Last week saw the death of David Bowie, an artist so foundational to Western pop culture of the last few decades that his absence from this planet feels inconceivable. And yet, as so many have pointed out, his presence here in the first place felt vaguely unlikely, the result of a public persona so mercurial and flamboyantly outré that it wasn’t a hard sell to imagine him as an otherworldly being. He leveraged this in his music, launching into the rock and roll stratosphere as Ziggy Stardust, and going on to develop numerous other stage characters as his work metamorphosed from one phase of genius to the next.
But enough writers better qualified than I have spoken eloquently about his music. It was only natural that this chameleon from another world would find his way into the phantasmagorias of the silver screen, reshaping that realm like he did every other.
Unsurprisingly, his first starring role was as an alien in Nicolas Roeg’s 1976 science fiction masterpiece The Man Who Fell To Earth. In it, he plays Thomas Jerome Newton, an extraterrestrial charged with bringing water from Earth to his dying home planet. Unfortunately, he gets sidetracked by the business of assimilation, starting a corporate empire, developing a substance abuse problem and ending up an amateur anthropologist/sensation junkie in front of a giant bank of television screens. It’s an indelible portrayal, a reflection of the semi-detached outsider he fleshed out in his concept albums and stage performances, both hopelessly in love with and horrified by humanity. All alabaster skin and sharp edges topped off by a shock of red hair and those inscrutable (except when they’re not) multi-hued eyes, his distinctive physicality was as essential to his ever-evolving screen persona as his canny exploitation of personas real, fictional and, for that matter, meta-fictional.
Some of that combination of effortless cool and bloodless fragility entered his memorable turn in Tony Scott’s 1983 film The Hunger, in which he and (naturally) Catherine Deneuve play ageless vampires.
There was a man behind the Starman, one who was terrified by the thought of going up in a spaceship and wasn’t above a good joke (see Zoolander and Extras) despite his more solemn personas. But given that most of us never got to fulfill our pipe dreams of getting to know the man, the myth will have to do.
Only, in his case, immortality suddenly appears to have an expiration date, a plot development that now assumes freshly tragic dimension. Starring two of the most beautiful people in the western hemisphere and shaped by Scott’s MTV aesthetic, the film is an evocation of style and atmosphere above all else but it has an air of melancholy about it that’s hard to shake. There’s a goth-tinged touch of the rock star in his John Blaylock but one who knows—even at his physical peak—that his glamour is fleeting.

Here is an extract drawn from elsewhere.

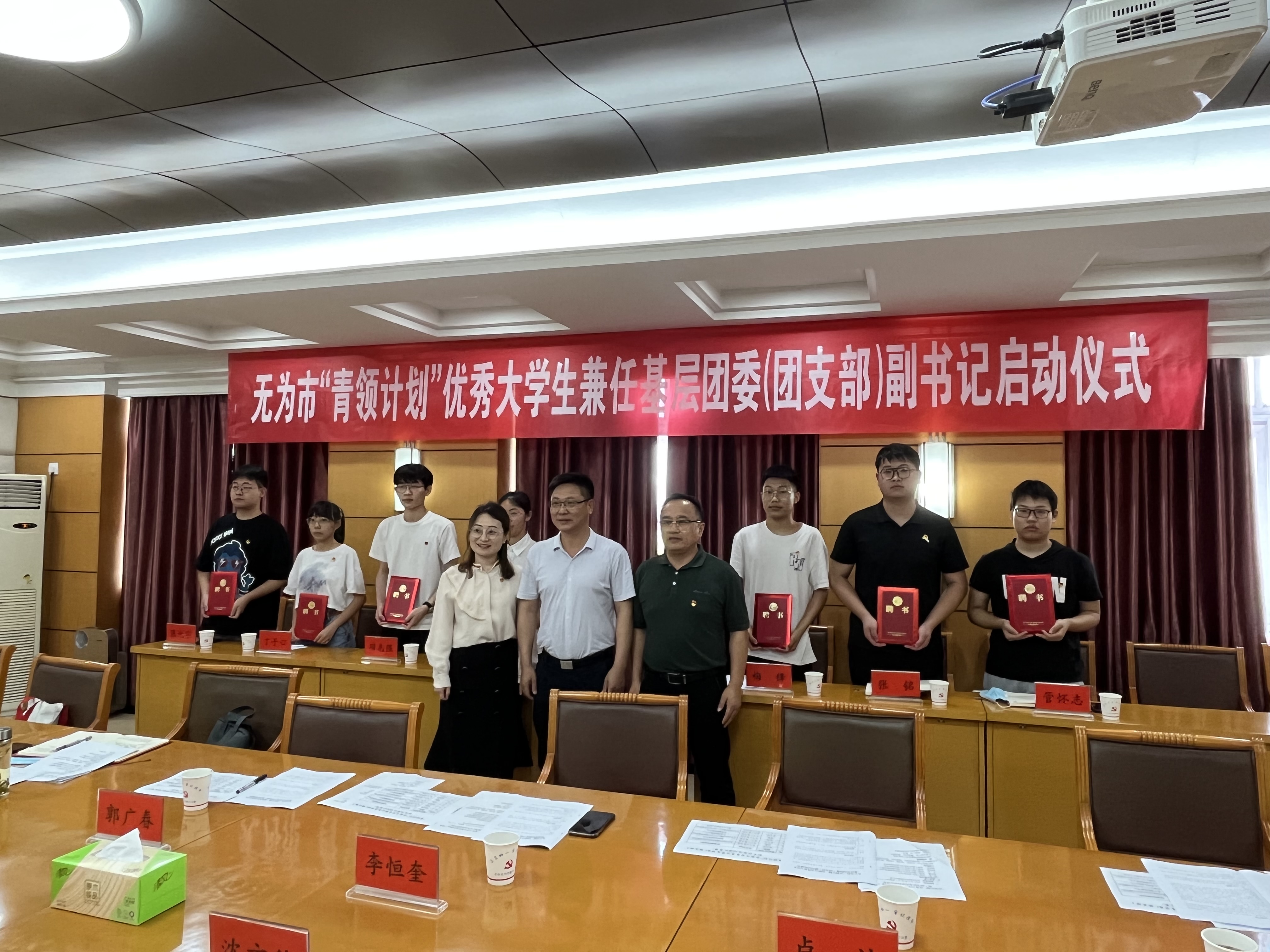 6月30日, jav 与无为市团委在无为市政府会议室举行“青领计划”启动仪式。团芜湖市委副书记谢翔宇,无为市组织部部长陈兆强,校团委书记郭广春、学院党委副书记李恒奎、学院和无为市团委有关同志以及选聘的7名优秀大学生出席仪式。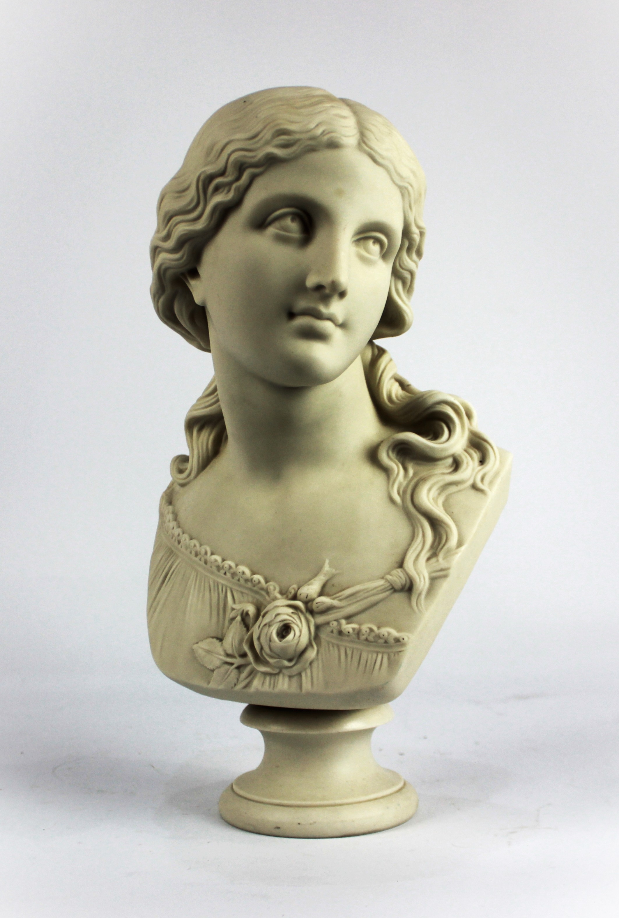 A Copeland parian ware bust of a female figure, after R. Monti, bearing impressed signature and impressed marks to back 'Ceramic and Crystal Palace Art Union', height 35cm

As Deneuve’s Miriam becomes bored with his increasingly decrepit shell, it’s difficult to tell whether the fear in his eyes is over the possibility of losing his life or losing the adoration of his biggest fan. Ever the rock star’s quandary.
Some of his roles were marginally more grounded if no less effective. In Nagisa Oshima’s 1983 film Merry Christmas, Mister Lawrence, Bowie plays Major Jack Celliers, an inmate in a Japanese POW camp, a more self-aware and smoothly coiffed version of Peter O’Toole in Lawrence of Arabia. His intensity and off-kilter sensuousness made for a few good villains, most memorably in Martin Scorsese’s 1988 Jesus picture The Last Temptation of Christ. Bowie’s unsettlingly sexual Pontius Pilate takes what could have been another staidly two-dimensional Biblical character and launches him in the oddest of directions.
There are multiple books to be written about Bowie in films. We could talk about the way his music added an essential element to the work of other filmmakers—in that unforgettable Lost Highway credits sequence, in Greta Gerwig’s exhilarating dance through Manhattan to the strains of “Modern Love” in
Frances Ha, and so many other scenes besides. There’s his not-so-invisible influence on queer cinema, reaching out through individual artistic and political filters into the work of directors like John Cameron Mitchell and Todd Haynes. To try and list the more indirect ways in which he affected modern cinema would be like trying to count grains of sand in a Martian desert. Or perhaps the best way to end griefstricken ramblings is to stop the mythologizing for a moment and celebrate the human being. There was a man behind the Starman, one who was terrified by the thought of going up in a spaceship and wasn’t above a good joke (see Zoolander and Extras) despite his more solemn personas.
A man who loved his wife Iman and nurtured the creative spark in his talented son, the filmmaker Duncan Jones. But given that most of us never got to fulfill our pipe dreams of getting to know the man, the myth will have to do.